# Californians in California...dumb question



## Lil Chickie Mama (Sep 8, 2009)

This is going to sound really dumb or silly, but sadly I am serious.  How well do Californians do in the hotter climes of California?  We had NZ's when I lived in Vacaville which has pretty similar weather to where I am now and despite giving them lots of water and frozen pop bottles and being located under the shade of a tree, they died of heat stroke.  The last one was wrapped around the bottle 
I do NOT want this to happen again and as I prepare for rabbits again, I want to select the best breed and set them up as best as possible so they don't just arrive at table weight, but have a happy life until then.  NZ's may produce a little more meat, but I like the look of Californians.  Besides it's just me and my DH and he isn't so convinced about eating rabbit so amount of meat isn't the main issue.  I've never eaten it but I'm intrigued, what does it taste like?  And again if it was lost in this bohemith of a post, how well will Californians do here?  Temps in summer often between 95-105.


----------



## JoieDeViveRabbitry (Sep 8, 2009)

This is an interesting question.... I have done a little internet research and not come up with any promising answers.

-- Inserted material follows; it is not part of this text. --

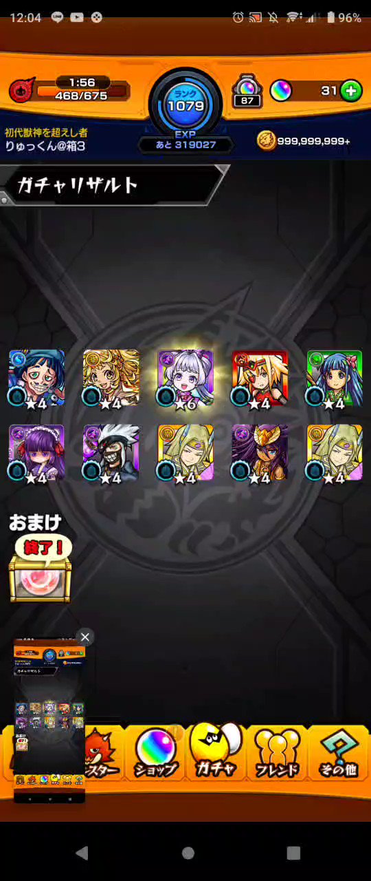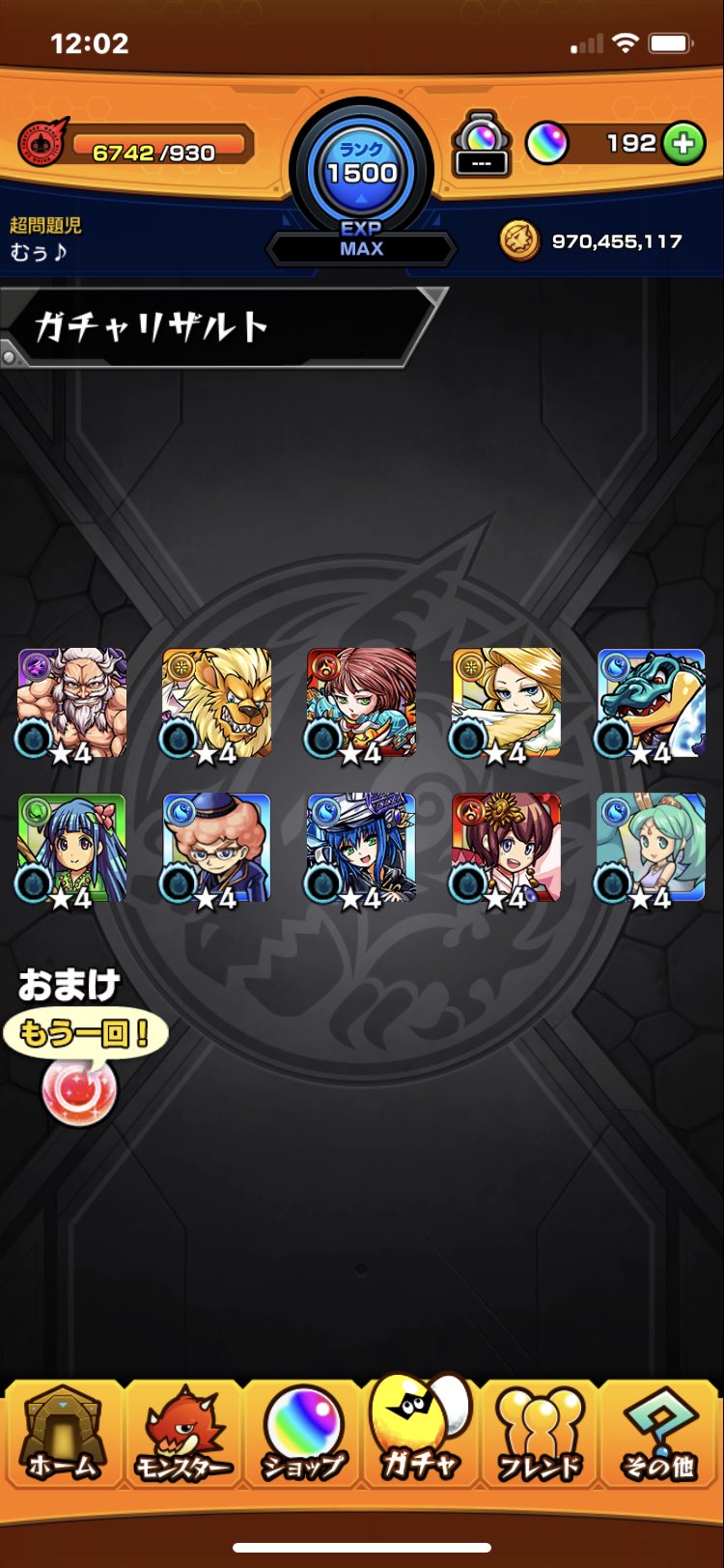 無料ガチャ50連で4体

Most things are saying they hate the heat 

 Here is what I would do;

 If you have a good amount of rabbits that you plan on raising and you thoroughly enjoy them and their meat, then by all means go all out and make them a summer retreat from the heat. Build them a rabbit barn in the shade (or plant immature shade trees around it), perhaps with mesh/wire sides for PLENTY of ventilation and then you can also cover up the side with screw on wood panels in bad or cooler weather, I have seen rabbitries like this. You can have it open on both ends, and place a large air circulating fan in one end to keep the air constantly moving.
 You can also do the frozen pop bottles or large 12 X 12" ceramic tiles kept in the freezer (I have a freezer in my barn). I keep double the tiles I need in the freezer, so they have a new one halfway through the day.
 What I like most about tiles is that they are easy to sanitize and scrub in a bleach solution or whatnot...
 You could go as far as to make them an enclosed rabbitry with Air Conditioning! If you went this route I would MAKE SURE to use those clear plastic roof panels that allow sunlight in as the rabbits need light, especially breeding doe's. Some people on Back Yard Chickens have given their chickens AC and Heat so why not rabbits?! I like my rabbits more than my chickens personally (Shhhh, don't tell anyone over at BYC!)....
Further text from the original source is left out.